Posted by Bahiyyih at 11:15 PM | Comments (4)

March 03, 2006

on the bright side

That's where I'm living right now. The vacation seems to have refreshed me. It seemed like a lot of work at the time, though we had a great time, but I'm all happy and ready to go forward in life. I thing I like vacationing. It's good for me. Doesn't everybody need a little sun in February? And the kids are playing together really well since we got back. Much less fighting and much more imaginative play together. They've taken to having tea parties every day and have really long attention spans for quiet activites like painting and their 'projects'. And I am totally ignoring the bathroom construction.
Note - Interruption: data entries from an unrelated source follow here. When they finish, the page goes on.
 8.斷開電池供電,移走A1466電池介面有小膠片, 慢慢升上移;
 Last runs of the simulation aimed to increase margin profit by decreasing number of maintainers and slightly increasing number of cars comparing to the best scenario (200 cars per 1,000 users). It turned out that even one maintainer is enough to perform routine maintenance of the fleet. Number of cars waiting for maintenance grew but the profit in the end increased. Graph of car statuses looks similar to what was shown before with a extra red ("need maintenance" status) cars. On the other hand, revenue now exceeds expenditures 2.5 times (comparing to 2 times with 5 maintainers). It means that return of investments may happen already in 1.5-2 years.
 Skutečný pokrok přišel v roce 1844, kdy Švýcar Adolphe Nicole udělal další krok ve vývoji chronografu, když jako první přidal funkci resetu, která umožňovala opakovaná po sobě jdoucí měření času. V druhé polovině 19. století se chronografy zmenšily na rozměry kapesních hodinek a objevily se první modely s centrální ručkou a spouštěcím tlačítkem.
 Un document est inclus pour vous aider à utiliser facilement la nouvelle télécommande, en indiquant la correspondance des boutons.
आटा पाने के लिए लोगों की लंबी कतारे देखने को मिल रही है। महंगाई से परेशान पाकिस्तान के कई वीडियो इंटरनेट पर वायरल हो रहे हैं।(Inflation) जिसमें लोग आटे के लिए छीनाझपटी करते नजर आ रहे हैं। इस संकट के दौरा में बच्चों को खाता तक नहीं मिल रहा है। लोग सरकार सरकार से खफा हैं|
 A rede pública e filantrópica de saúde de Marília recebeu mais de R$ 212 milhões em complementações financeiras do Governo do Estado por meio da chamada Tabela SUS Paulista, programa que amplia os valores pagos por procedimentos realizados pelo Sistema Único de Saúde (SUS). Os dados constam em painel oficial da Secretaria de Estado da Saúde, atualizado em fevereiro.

It's up to the flooring guys and the plumbers and I'm not even thinking about it anymore. Georgia has come to ignore the construction zone in her room and is sleeping in her own bed since we got back. Yeah! And here's the best part of the whole package- winter is practically over with almost no suffering on my part. My secret is being insanely preoccupied and busy with buying and selling houses and lots of drawn out remodeling projects. The vacation gave me that last push through February- both looking forward to it and being there- and that's it. It's already the Fast (no eating or drinking sunrise to sunset each day for nineteen days for Baha'is, though I haven't fasted for seven years due to procreating). And that means spring is on it's way. Hey, I've already seen robins around here. And there are daffodil shoots already poking up in my front yard. Woo hoo!
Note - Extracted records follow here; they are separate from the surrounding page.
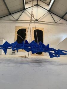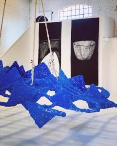 Sospesa a mezz’aria e sorretta dall’imponenza di più funi, l’opera materica di Madhu Das nato in India nel 1987, porta a rimandi acquei, del resto si è a un passo dalla laguna, e allo stesso tempo manifesta una doppia appartenenza sia risalente ad un reperto archeologico, sia ad un frammento proveniente dagli abissi dello spazio.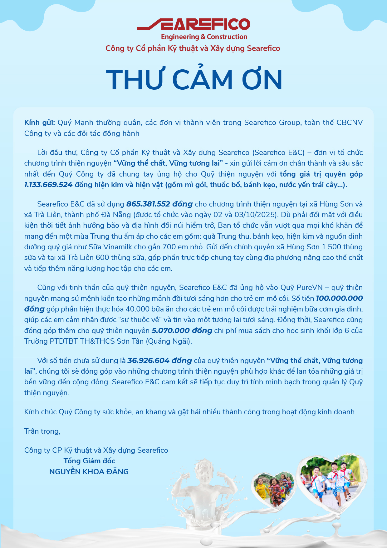 Searefico E&C xin chân thành cảm ơn sự tin tưởng và đóng góp của Quý vị. Với cam kết về tính minh bạch và trách nhiệm, chúng tôi xin công bố Thư cảm ơn có danh sách các địa điểm và đối tượng được trao quà. Việc công bố này nhằm đảm bảo toàn bộ các khoản đóng góp đã được chuyển đến đúng mục đích và đối tượng, giúp Quý vị có thông tin chi tiết nhất về hiệu quả của chương trình.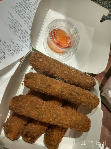 VEG STRIPS ( 4 / 5 ) Mixture of Green Peas, Carrots, Cabbages together in all makes this thing worth trying Since its Deep Fried, health Conscious should avoid this Good way to start of your Hunger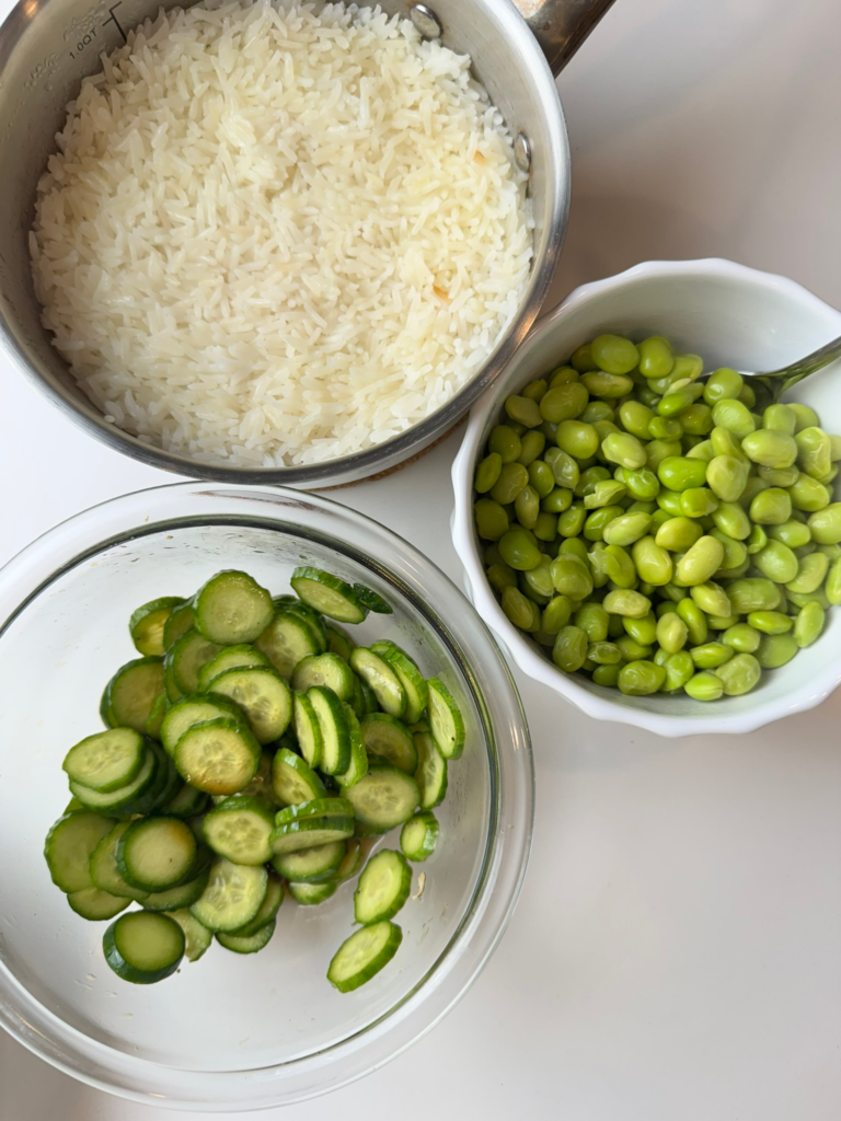 • Assemble bowls with rice, marinated cucumbers, edamame and salmon

And then there's Teresa, who must have really taken in her 1st birthday on some level and benefited from the vacation because she's been just blooming since we got back. She walked into another room today, all by herself. Meaning- a room that I was not in. That was a first. And she's started nodding when she wants to say yes, and even shaking her head for no sometimes. She's making more sounds that sound more like pre-words too. She just seems really involved with the world and more aware of what's going on.

Billy says he's feeling renewed and refreshed too, and has gotten some good perspective away from daily life. He's happy he got lots of time to play with his children. And he also says he really benefited from hanging around the Allmarts for a week on account of all their good qualities in parenting and in life.